A shader function that can tell flatness?

http://img2.meristation.com/files/imagenes/juegos/pc/action/torchlight_ii/1.jpg

I really like the look of the stones in torchlight. Low poly but the textures are light at the edges of the stone and darker where it is flatter. Makes things look “worn”.

I am wondering if there is a function that I could use that could determine how “flat” the area I am currently using is. If I had total freedom I would think of getting the dot product of the normal at the very point I was calculating plus another point that was very close (actually a few points around and taking the mean of them or something) and that would give me a value that would give an idea of whether or not the point I am calculating is generally flat or near an edge, and use that to lerp between bright and dark as necessary. I can imagine this kind of thing would be easy in a normal blueprint but I don’t seem to find that same kind of functionality in the material blueprints

Any leads would be appreciated

In theory this is doable, I know that rendering software has those tricks. However, real-time creating that in a way that looks good and affordable by hardware is hard, plus not a thing that is shader only, you would probably need some extra data calculated on the cpu and pass it on to the shader. Or maybe some form of post processing.

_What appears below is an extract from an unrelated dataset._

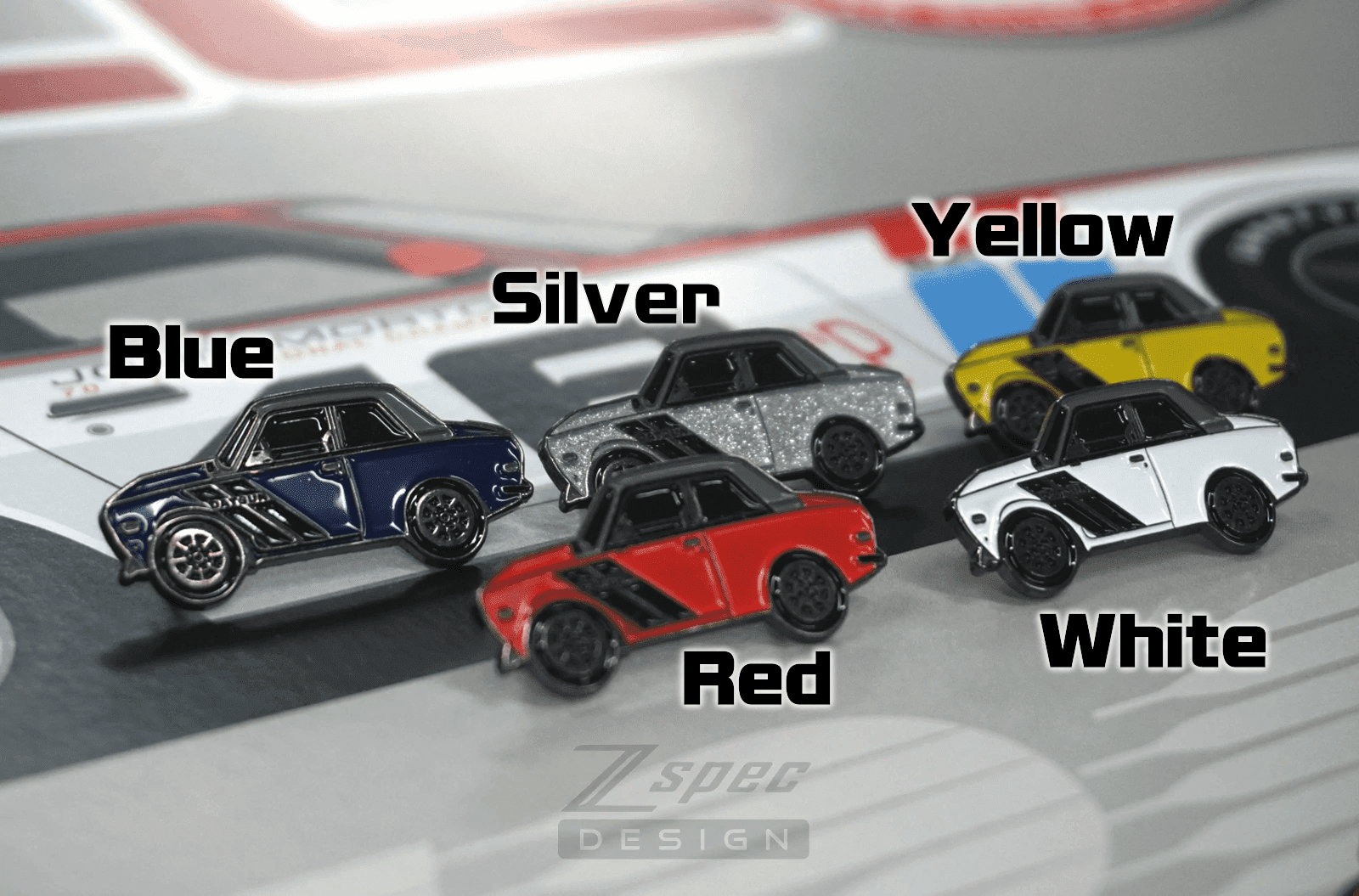 ZSPEC designed a pin to pay tribute to the Datsun 510 sports sedan. The 510 took on and others in the day - on the road and at the race-track with legendary race-teams like BRE setting records and winning championships.

However, the guys that made Torchlight just have really good artist that hand painted the whole thing. There is not much going on in the shader.

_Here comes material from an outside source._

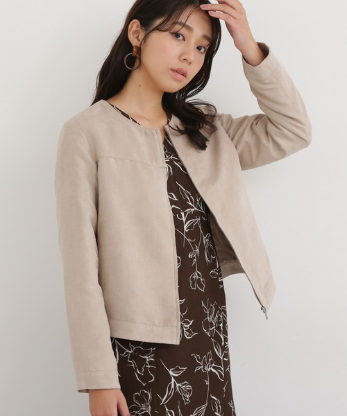 <オフィスカジュアル・デイリーにおすすめ> [design & styling] 柔らかいフェイクスエードブルゾンは、フロントの金属ファスナーできらっと感をプラスした上品顔の1枚。すっきりとしたボックスシルエットなので、きれいめなパンツやスカート合わせた通勤スタイルは勿論、ワンピースと合わせたフェミニンなコーディネートもおすすめです。ニュアンス感のあるパウダリーなカラー展開が、ハードになり過ぎず、女性らしい印象へ導いてくれます。 [fabric] 軽くソフトな風合いのフェイクスエードを使用しました。 ※モデルの着用画像の場合、光の当たり具合により、実際の色味と異なって見えることがございます。色味は、商品単体の画像をご参照ください。 【ZOZOでのお買い物をもっと楽しむために!】 ■ブランド・ショップのお気に入り登録 ・いち早く新作アイテムや限定クーポンなどのお得な情報を受け取ることができます! ■商品のお気に入り登録 ・完売商品の再入荷通知や、残り1点の通知、各種セール通知も受け取ることができ、よりお得にお買い物頂けるチャンスがあります! ※ご注文いただいた予約商品のお届け時期の確認は、注文履歴ページより行えます。

If you do want info in the shader like that, you might want to go for some cheap solution, like painting it in the vertex colors.

Thanks for that. I’ll have to look up vertex points regarding shadet. so fat I have completely managed to avoid uv unwrapping and baking and paint and all those things and wanted to carry on that procedure

is there a function for shiftin the uv a smal bit? like what panner does but not constantly moving?

Well, the function is just adding a value to the texture coordinate node. Panner is basically adding a value ever x amount of time. Adding a value of 0.5 to your uv’s will make sure they are shifted by half of the uv size. adding 1 would mean there are exactly “the same” again because you shifted them the size of the uv’s.